Bayo Success, records had it, was widely used by the NPN then to intimidate the ruling, Unity Party of Nigeria (UPN) in Lagos State.
From the point when military government of General Muhammadu Buhari took over in a coup, the control of the market gradually fell into the hands of successive state governments.  Because of the prolong military rule in Nigeria, the legitimacy of a market at such a place appeared unquestioned. And perhaps no government had reason that a market at such a strategic traffic spot added to the perpetual vehicular gridlock of the axis.
However, in 2005, Lagos State government, under Governor Bola Ahmed Tinubu started revisiting the appropriateness of having a market at such a place. By the time Babatunde Fashola became the governor, arrangement was already concluded to relocate the occupants of the market to Isopakodowo, a plank market behind Kayero market. In fact, when the Kayero market was being renovated during Fashola’s regime, the portion of Isopakodowo meant for the relocation of Owonifari was ready.
Lagos State Government’s response:
Lagos State Commissioner for Information and Strategy, Mr Steve Ayorinde defended the demolition: “It is important to be informed that the issue of that market had been on for nothing less than 10 years.
“The state government had been engaging with the leadership of the market to say that we could no longer continue with the manner in which that area of the market was being used.
“So, for 10 years, there has been back and forth engagement between the government and the leadership of the market.
“Certified that we have provided a befitting alternative, we started another round of engagement with the leadership of the market.
“The governor appealed to them through the Commissioner for Local Government and Community Affairs.
“They met with members of the state executive on Dec. 16, 2015, where the governor reiterated his plans for Oshodi and the need to relocate them.
“A few of them expressed certain misgivings, but largely, they felt that if their interests were accommodated within the Isopakodowo market that they were willing and ready to move.
“We advised that discussions should be ongoing, particularly regarding how much they will pay for each stall within the market.
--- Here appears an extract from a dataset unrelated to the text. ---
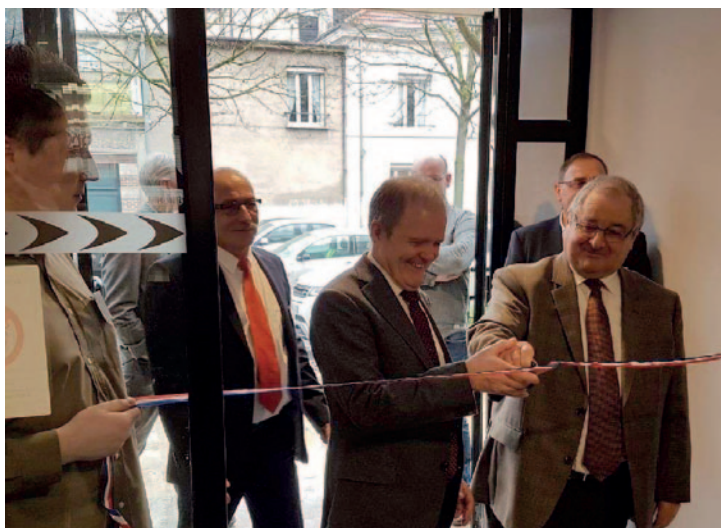
Inauguration des nouveaux locaux du FONGECIF Grand Est à Reims.

Ayorinde added that on Dec. 21, 2015, the governor went on a tour of Oshodi, where he again met with the leadership of the Owonifari Market. A N5, 000 monthly rent was agreed, Ayorinde disclosed.
 “There is really no market anywhere that you will be paying such an amount in a month for a shop.
“The governor agreed with them and we said we were ready to concede.
“Along the line, convinced that our new year project was to relocate them to Isopakodowo Market, we got intelligence reports that as at during the Yuletide, a number of criminal activities were going on there.
“We also got reports that the place was harbouring criminals and a number of untoward activities.
 
Owonifari Market (before demolition)


“This, of course, necessitated that we should move immediately to safeguard lives, property and to ensure that there was no breech of peace.
“This was what led to the demolition exercise. We believe a good number of the traders, if not all, had moved because they were aware they needed to move.
“From reports, quite a good chunk of them acknowledged that they were properly served and that they were ready to move; many of them packed their things just before the end of the year.
“Government, I should say, will not be blackmailed because we have done everything humanly possible.
“We believe very strongly that Isopakodowo Market is quite ideal, a lot bigger than where they were.
 “It is to return sanity to the place, to beautify the place and construct a world class bus terminus.
“We also believe the exercise will largely reduce the gridlock that is associated with that area and the criminalities that were rampant in Oshodi.
“What we have done is in the interest of the generality of residents.